CUP is publishing an edited collection on women’s criminality in Europe.
ABOUT THE BOOK
Bringing together the most current research on the relationship between crime and gender in the West between 1600 and 1914, this authoritative volume places female criminality within its everyday context. It reveals how their socio-economic and cultural contexts provided women with 'agency' against a range of European backdrops, despite a fundamentally patriarchal criminal justice system, and includes in-depth analysis of original sources to show how changing living standards, employment, schooling and welfare arrangements had a direct impact on the quality of life of working class women, their risk of becoming involved in crime, and the likelihood of being prosecuted for it. Rather than treating women's criminality as always exceptional, this study draws out the similarities between female and male criminality, demonstrating how an understanding of specific cultural and socio-economic contexts is essential to explain female criminality, both why their criminal patterns changed, and how their crimes were represented by contemporaries.
ABOUT THE EDITORS
Manon van der Heijden, Universiteit Leiden
Manon van der Heijden is Professor of Comparative Urban History at Universiteit Leiden. Her research interests include crime and justice, marriage and the family, urban finances and public services. In 2012, she was granted a NWO VICI project Crime and Gender 1600–1900. She is a member of the Academia Europaea and author of Women and Crime in Early Modern Holland (2016).

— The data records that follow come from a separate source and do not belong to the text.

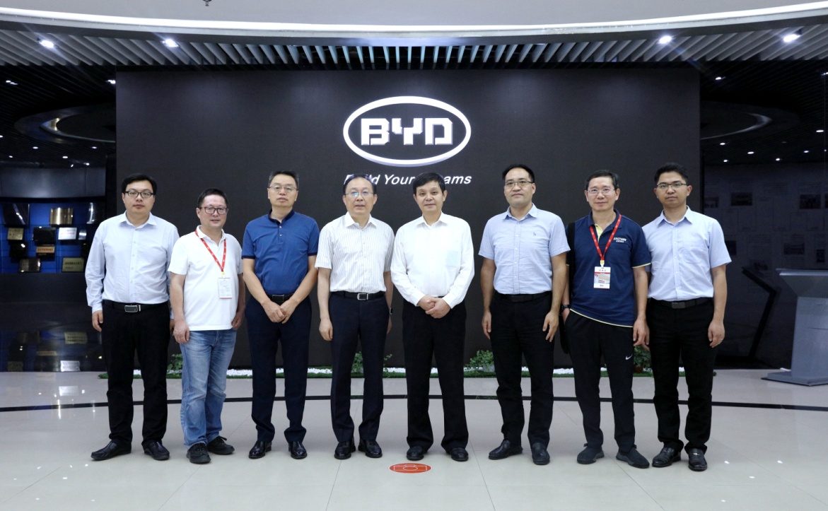 在比亚迪股份有限公司,聂宏一行参观了比亚迪展厅,了解了比亚迪自主创新研发的跨座式单轨云轨和胶轮有轨电车云巴等城市轨道交通的工程研究与应用成果。我校83级校友、比亚迪高级副总裁廉玉波介绍了公司在材料、电池、汽车、新能源、轨道交通、电力等方面发展情况与未来发展方向,希望母校在人才培养、重点产业领域的技术合作等方面给予更多的支持和帮助。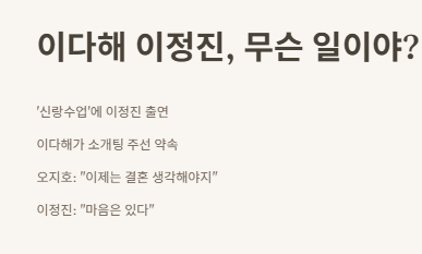 이정진과 이다해가 방송에서 보여준 소개팅 이야기와 연애 발언이 요즘 화제다.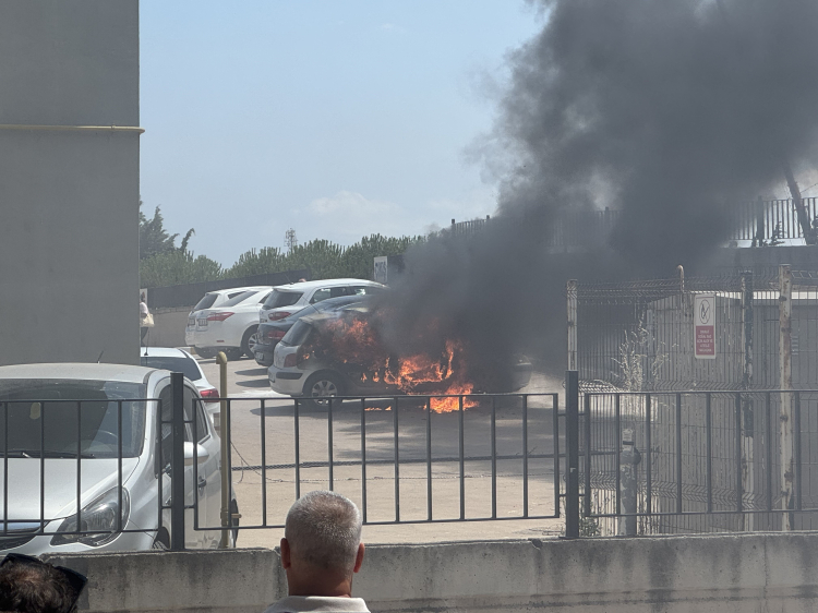 Balıkesir'in Bandırma ilçesinde hastane otoparkında park halinde bulunan otomobil alev aldı.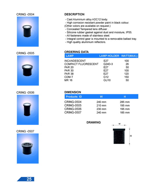 รุ่น : โคมฝั่งพื้นหน้าตะแกรง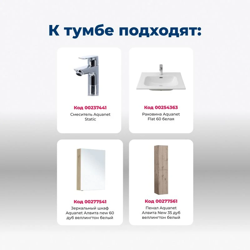 Доставка Тумба под раковину Aquanet Алвита New 60 2 ящика, дуб веллингтон белый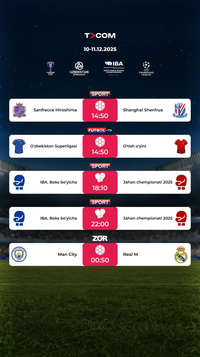10-11.12.2025 тақвимидан ўрин олган учрашувларни TVCOM онлайн кинотеатрида кузатинг.

Marion Pluskota, Universiteit Leiden
Marion Pluskota is Assistant Professor in Social History at Universiteit Leiden. She has published extensively on prostitution and criminality in the eighteenth and nineteenth centuries. She is the author of Prostitution and Social Control in Eighteenth-Century Port (2015).

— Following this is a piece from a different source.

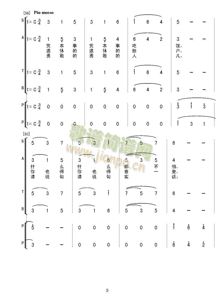 [五字歌谱]打工走四方[合唱曲谱] 未知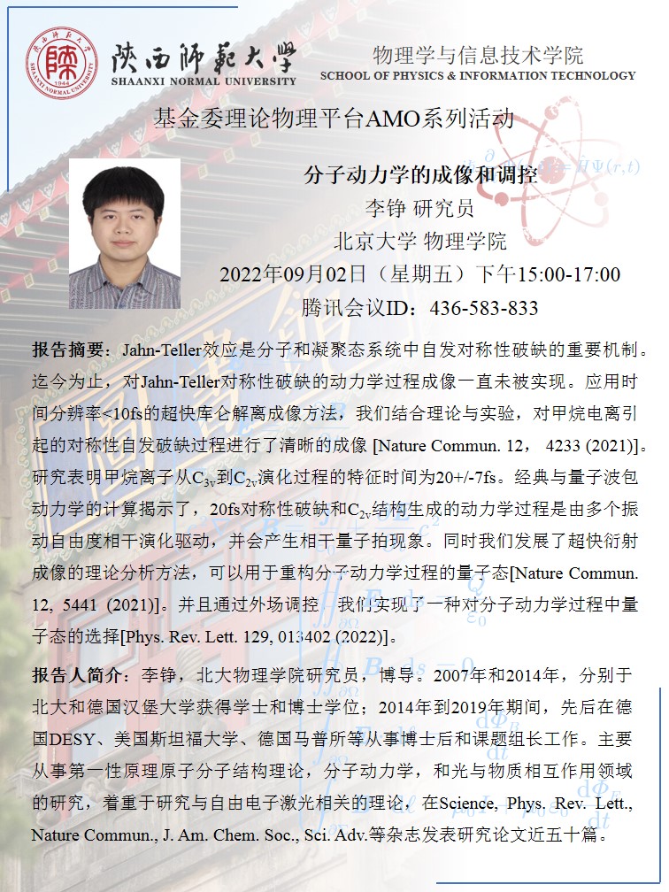 基金委理论物理平台AMO系列活动:分子动力学的成像和调控

Sanne Muurling, Universiteit Leiden
Sanne Muurling recently completed her Ph.D. at Universiteit Leiden with a dissertation on everyday crime and gender in early modern Bologna, Italy. Her research focuses on the social history of everyday life, including crime and deviance, single motherhood, welfare institutions, poverty and living culture.
TABLE OF CONTENTS
1. Introduction: women and crime in history Sanne Muurling, Marion Pluskota and Manon van der Heijden
2. Explaining crime and gender in Europe between 1600 and 1900 Manon van der Heijden
Part I. Violence, Space and Gender:
3. Women, violence and the uses of justice before the Criminal Court of early modern Bologna Sanne Muurling
4. The 'vanishing' female perpetrator of common assault Jo Turner
Part II. Prosecution and Punishment:
5. Gender and the prosecution of adultery in Geneva, 1550–1700 Sara Beam
6. 'Find the lady': tracing and describing the incarcerated female population of London in 1881 Lucy Williams and Barry Godfrey
7. Gender and release from imprisonment: convict licensing systems in mid- to late-nineteenth-century England Helen Johnston and David J. Cox
8. Female and male prisoners in Queensland 1880–1899: re-entry, risk factors, recidivism Alana Piper, Catrien Bijleveld, Susan Dennison and Jonathan de Bruin
Part III. Representation of Crime:
9. Girls, young women and crime: perceptions, realities and responses in a long-term perspective Sarah Auspert, Margo de Koster and Veerle Massin
10. 'Monstrous and indefensible'? Newspaper accounts of sexual assaults on children in nineteenth-century England and Wales Daniel J. R. Grey
11. Gender and Dutch newspaper reports of intimate violence, 1880–1910 Clare Wilkinson.